::: RECORDS FOR THE EXERCISE
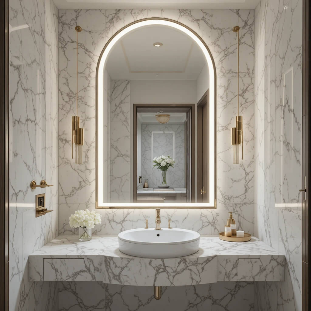 Backlit mirrors add a modern, upscale glow and eliminate the need for extra lighting. For added personality, consider arched or softly rounded mirror shapes, which feel elegant and on-trend.
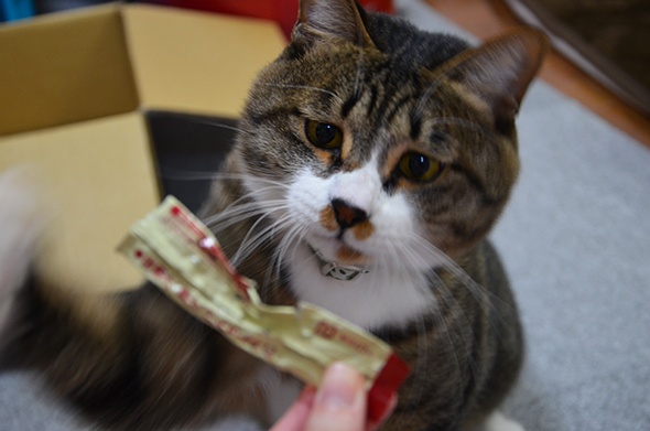 冷蔵庫から取り出した音を聞きつけて颯爽とやってきます
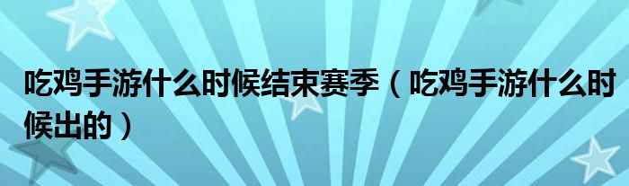 大家好,小生來為大家講解下。吃雞手游什么時候結(jié)束賽季,吃雞手游什么時候出的很多人還不知道,現(xiàn)在讓我們一起來看看吧!
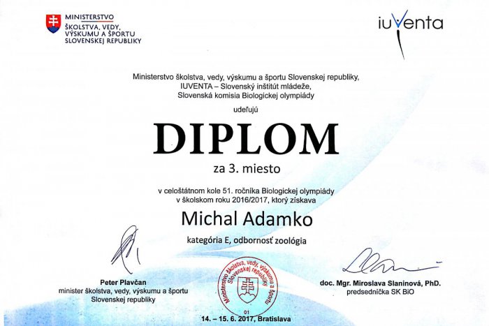 Mišo Adamko, žiak 6.C triedy zo ZŠ Zakarpatská 12 v Rožňave, nás nesklamal ani na celoslovenskom kole biologickej olympiády kategórie E v odbore zoológia. Ako informovala Eva Bystrická, v konkurencii najlepších zoológov, víťazov krajských kôl BIO E sa umiestnil na výbornom 3. mieste a doniesol si bronzovú medailu.
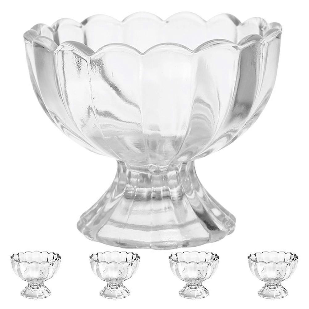 Footed Dessert Bowls Glass Tulip Shaped Transparent Ice Cream Cups For Special Occasions 5Pcs
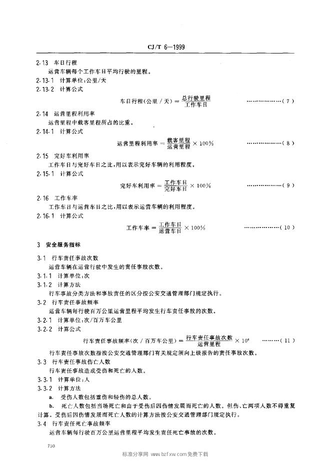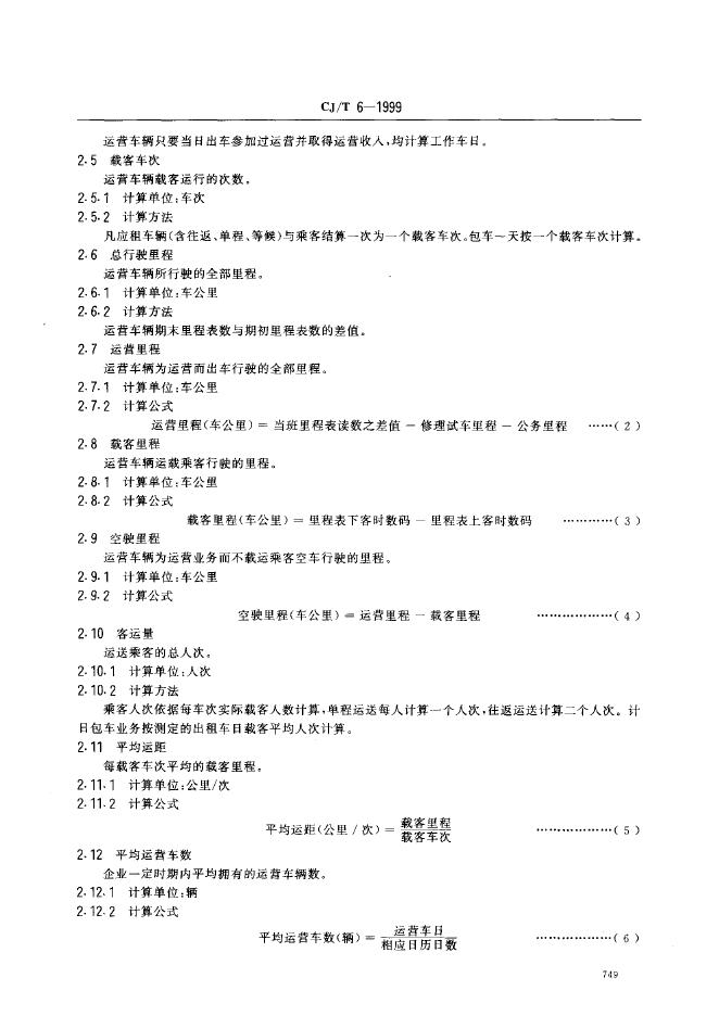 CJ/T 6-1999 城市公共交通技术经济指标计算方法 出租汽车
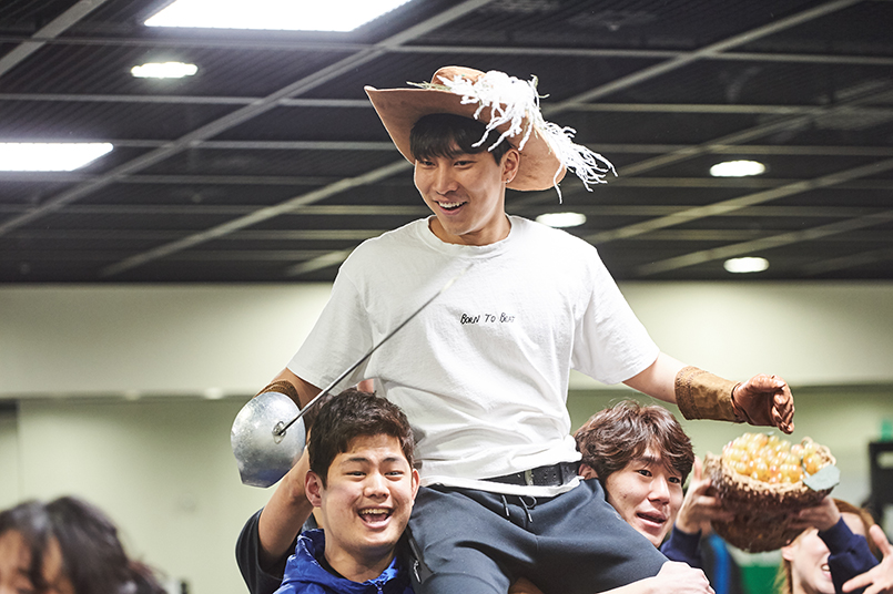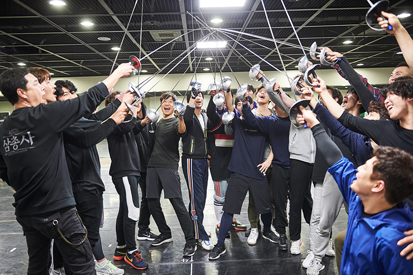 공개된 사진 속 배우들은 공연 중 소품으로 등장하는 칼을 한 곳에 모으고 웃음 띤 얼굴로 파이팅 포즈를 취하고 있어 무대 못지않은 폭발적인 에너지와 작품 특유의 유쾌함까지 느껴진다.
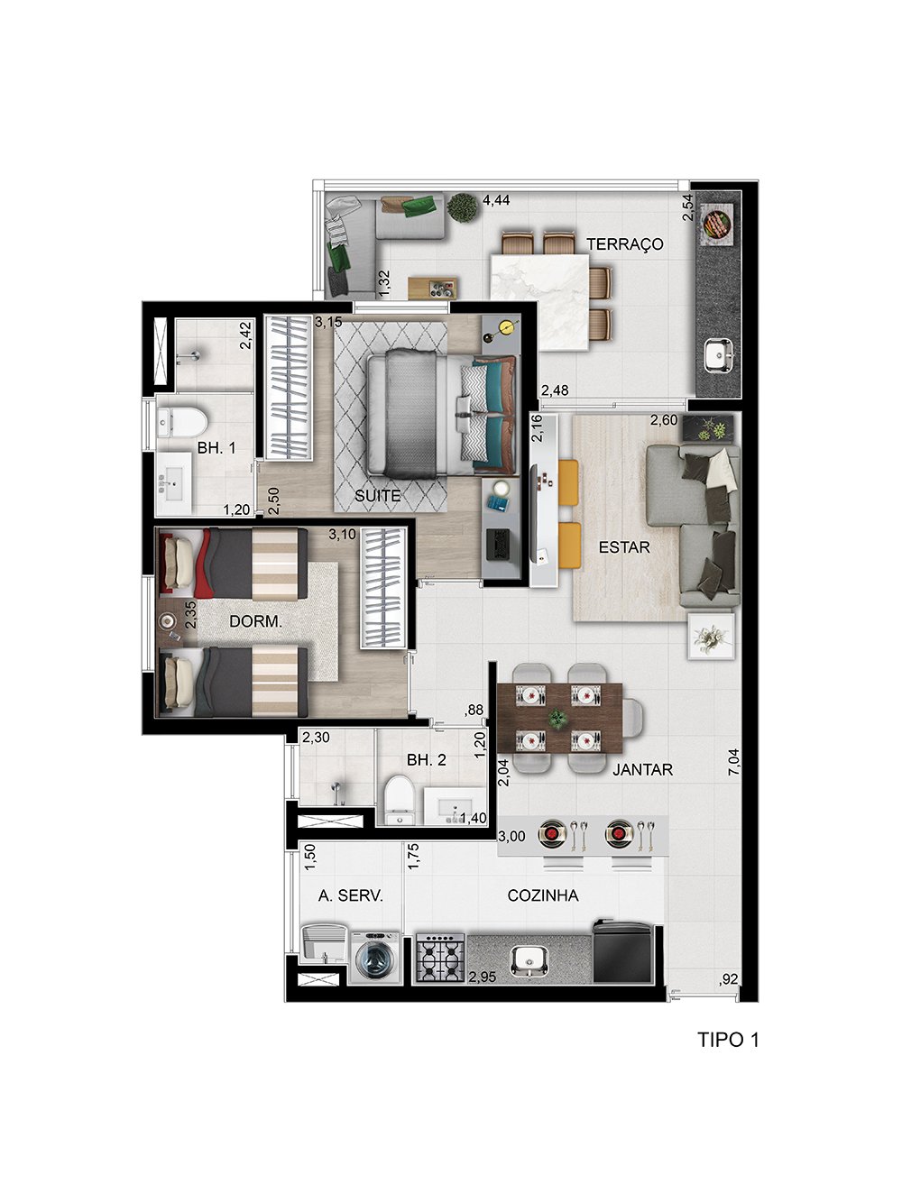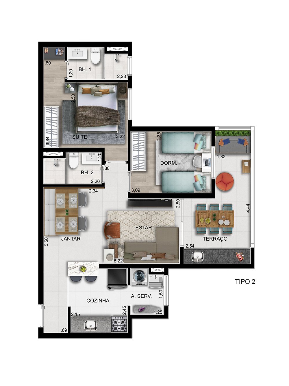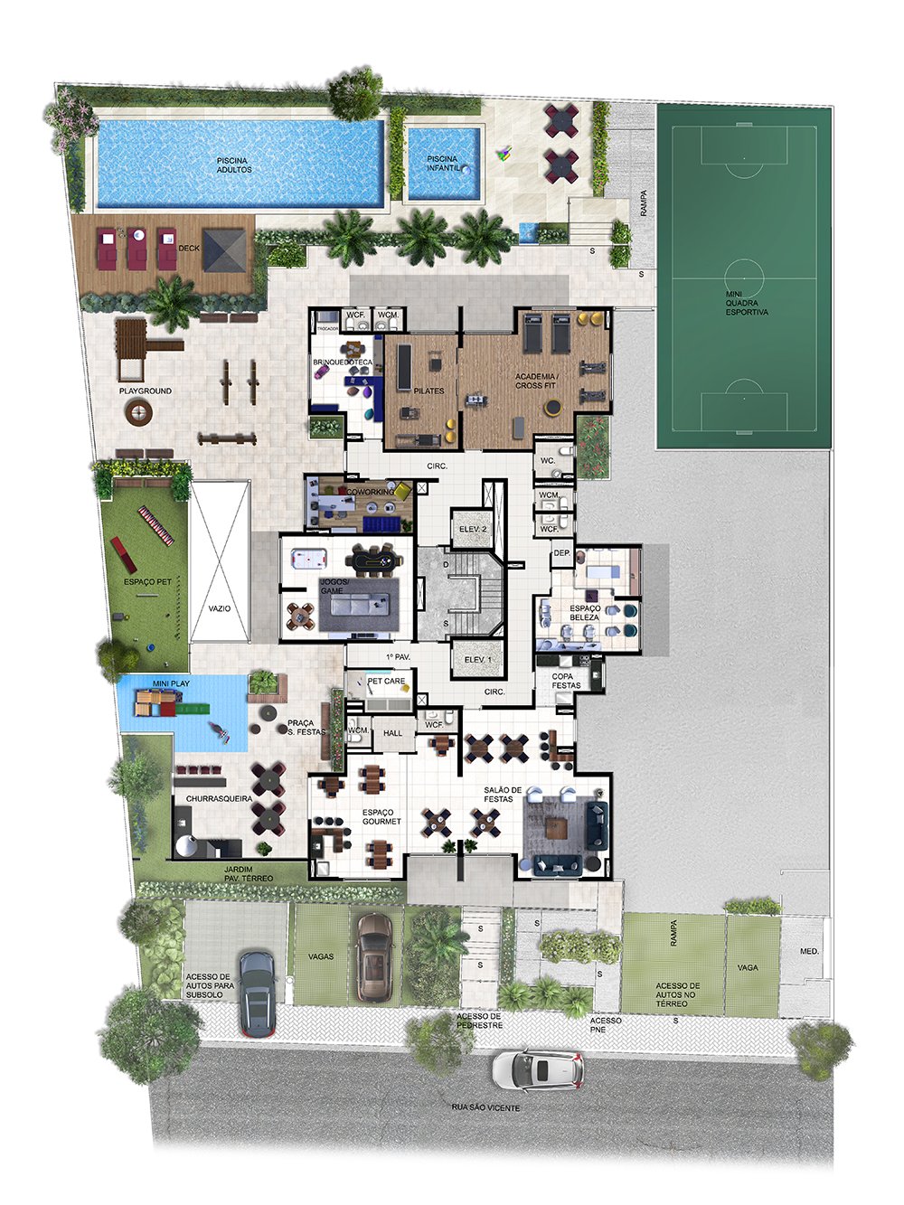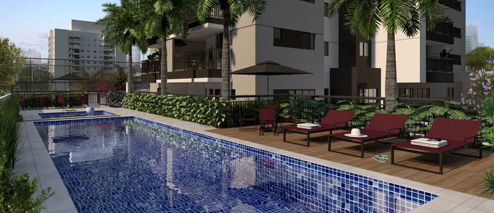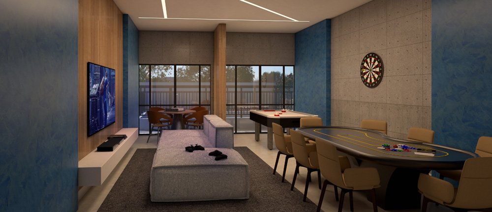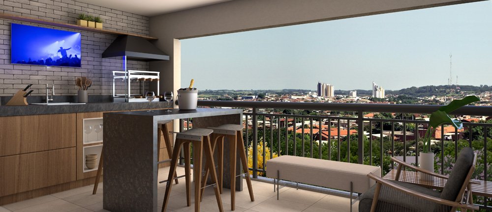Lounge, Piscina, Playground, Portaria 24 Horas, Quadra Poliesportiva, Sacada com Churrasqueira, Salão de Festas, Salão de Jogos, Varanda com
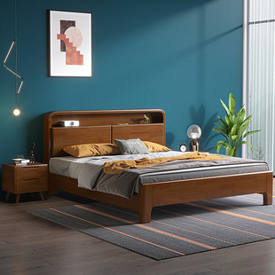 床实木床现代简约1.5m主卧家用橡木床架胡桃色1.8m全实木床双人床
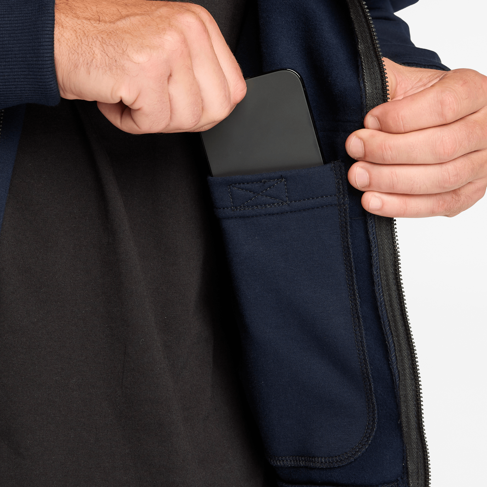 Our flame-resistant Hood Honcho hoodie helps keep you safe on the job and off the clock. Made from a cotton-blend stretch fleece, this heavyweight full-zip sweatshirt offers features designed for enhanced comfort and mobility, like raglan sleeves for full range of motion and an adjustable, three-piece hood that is designed to stay in place better. There's even a hidden insert to stash your cell phone inside the generous front pouch pocket.
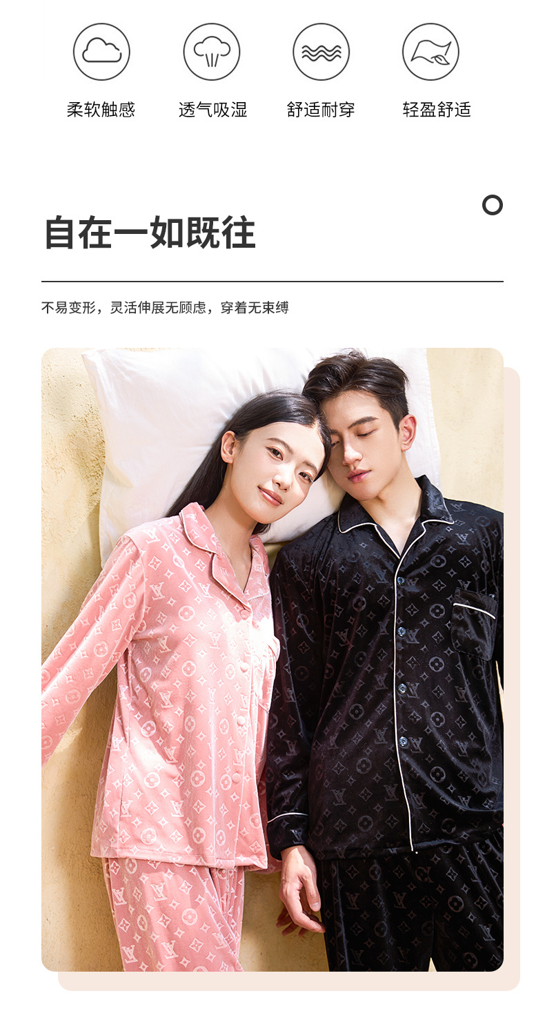 커플 잠옷 여성 골드 벨벳 가을, 겨울 하이 엔드 새로운 양각 럭셔리 얇은 벨벳 남성 홈웨어 세트
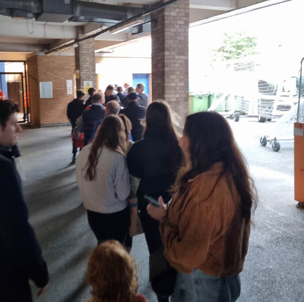 This is how things should be and I can only wonder why 9,000 voices aren’t singing “Wemb-er-ley, Wemb-er-ley, we’re the famous Ipswich town and we’re going to Wemb-er-ley”, but they’re not. With the half-time whistle I descend into the bowels of the stand to drain off some Woodforde’s beer whist Mick queues for a vegan pie which he is impressed to find comes with a wooden spork.
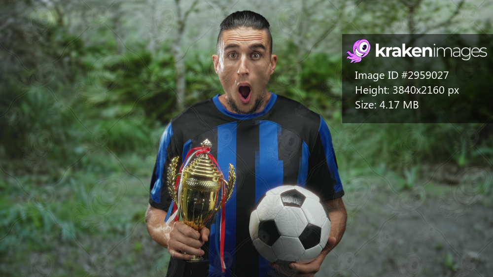 Man holding trophy and soccer ball with mouth open in forest after a win, hands gripping cup and ball; pride celebration.
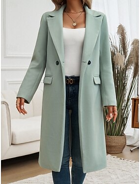 Per donna Trench Confortevole Traspirante Tasca Bottoni Casual Semplice Vacanza Streetwear Casuale Abbigliamento quotidiano Monopetto Lungo Collo ripiegato Vestibilità regolare Manica Lunga Capispalla
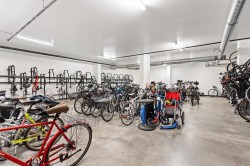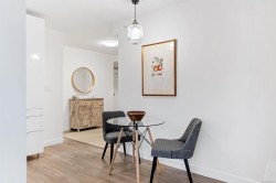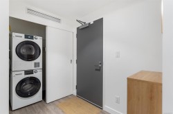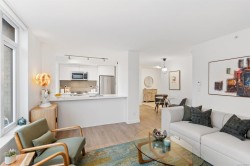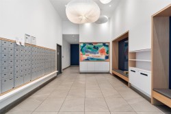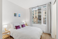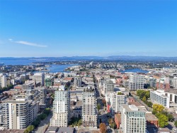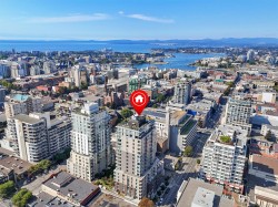 Spacious 6th floor 2 Bed, 2 Bath corner suite with south facing garden views, tucked away from street, in the heart of downtown Victoria. Primary bedroom features ensuite with soaker tub and walk in closet; second bedroom offers two large closets and nearby full bath. Smart layout separates bedrooms with open living space and ample storage. Bright kitchen with quartz counters, modern cabinetry, honeycomb backsplash, stainless appliances, long eating bar, and dining area. Large entry doubles as flexible space for office, workout, or extra storage. Big windows bring in natural light and city views, with roller shades throughout. Covered deck fits BBQ, dining, and plants—perfect for enjoying the sunny exposure. Balance of 2/5/10 warranty, pets allowed, no AHOP/BC Housing approval required. Rooftop patio with incredible views, BBQs, seating, dog run, and garden plots. Secure underground parking with EV charging, full height storage locker, and bike storage. A must-see, act quick!
::::::
## WORK TO BE COMPLETED
Exactly the lines above from the one that contains "Our flame-resistant Hood" down to the one that contains "커플 잠옷 여성 골드" are to be output, both ends kept and pictures omitted.

## THE COMPLETED TASK
 Our flame-resistant Hood Honcho hoodie helps keep you safe on the job and off the clock. Made from a cotton-blend stretch fleece, this heavyweight full-zip sweatshirt offers features designed for enhanced comfort and mobility, like raglan sleeves for full range of motion and an adjustable, three-piece hood that is designed to stay in place better. There's even a hidden insert to stash your cell phone inside the generous front pouch pocket.
 커플 잠옷 여성 골드 벨벳 가을, 겨울 하이 엔드 새로운 양각 럭셔리 얇은 벨벳 남성 홈웨어 세트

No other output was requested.